U.S. Air Force Failed Another Nuclear Security Test
Insufficient training contributed to the poor performance.
Security forces at an Air Force base in Montana failed to stop a simulated capture of a nuclear weapon, revealing a "critical deficiency," according to internal documents obtained by the Associated Press.
The Malmstrom Air Force Base was tested with an "Empty Quiver" scenario last August, in which a nuclear weapon is stolen from one of the base's 150 nuclear-tipped missiles. But security forces failed to recapture the weapon within a certain time frame, thereby flunking the test. In January, a commander at the base told the AP that the simulation "confused our airmen. We were off by a matter of seconds." Meanwhile, the internal report placed blame on several areas:
It said insufficient training was at the heart of the problem, beginning with a lack of familiarity among the security forces with "complex scenario" exercises.

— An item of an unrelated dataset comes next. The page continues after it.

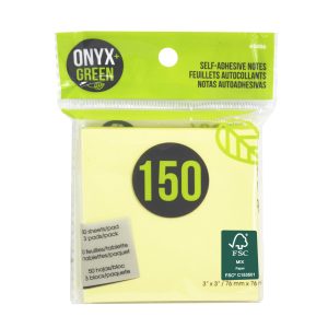 - Onyx + Green's yellow adhesive pads are made from FSC mixed paper. The package includes 3 pads of 50 sheets each = 150 sticky sheets in total! Smooth to write on, easy to stick! Size: 3" x 3" 3 pads of 50 sheets Color: Yellow Item # 5406

It also cited unspecified shortcomings in "leadership culture" and a lack of standardized simulations not only at Malmstrom but throughout the nuclear missile corps.
After this critical internal report, the base faced another test two months later and security forces passed.
The Air Force failure comes less than a year after Eric Schlosser's explosive book Command and Control, which found that the U.S. Air Force has come incredibly close to accidentally setting off nuclear weapons several times. At the "Damascus Incident" in 1980, for example, a worker at an Air Force base dropped a socket during regular missile maintenance and pierced a Titan II ballistic missile, sending rocket fuel spraying. That almost led to an accidental nuclear explosion in Arkansas.
In a conversation with The Wire last September, Schlosser noted that because of the Air Force's compartmentalization and secrecy, many of its leaders didn't know about the safety breaches until he uncovered them. That suggests that outside reporting by the AP and others is just as valuable as the Air Force's own internal investigations. The AP's reporting over the last six months has numerous concerns with the Air Force's nuclear missile units, including low morale, poor training and leadership, and institutional neglect.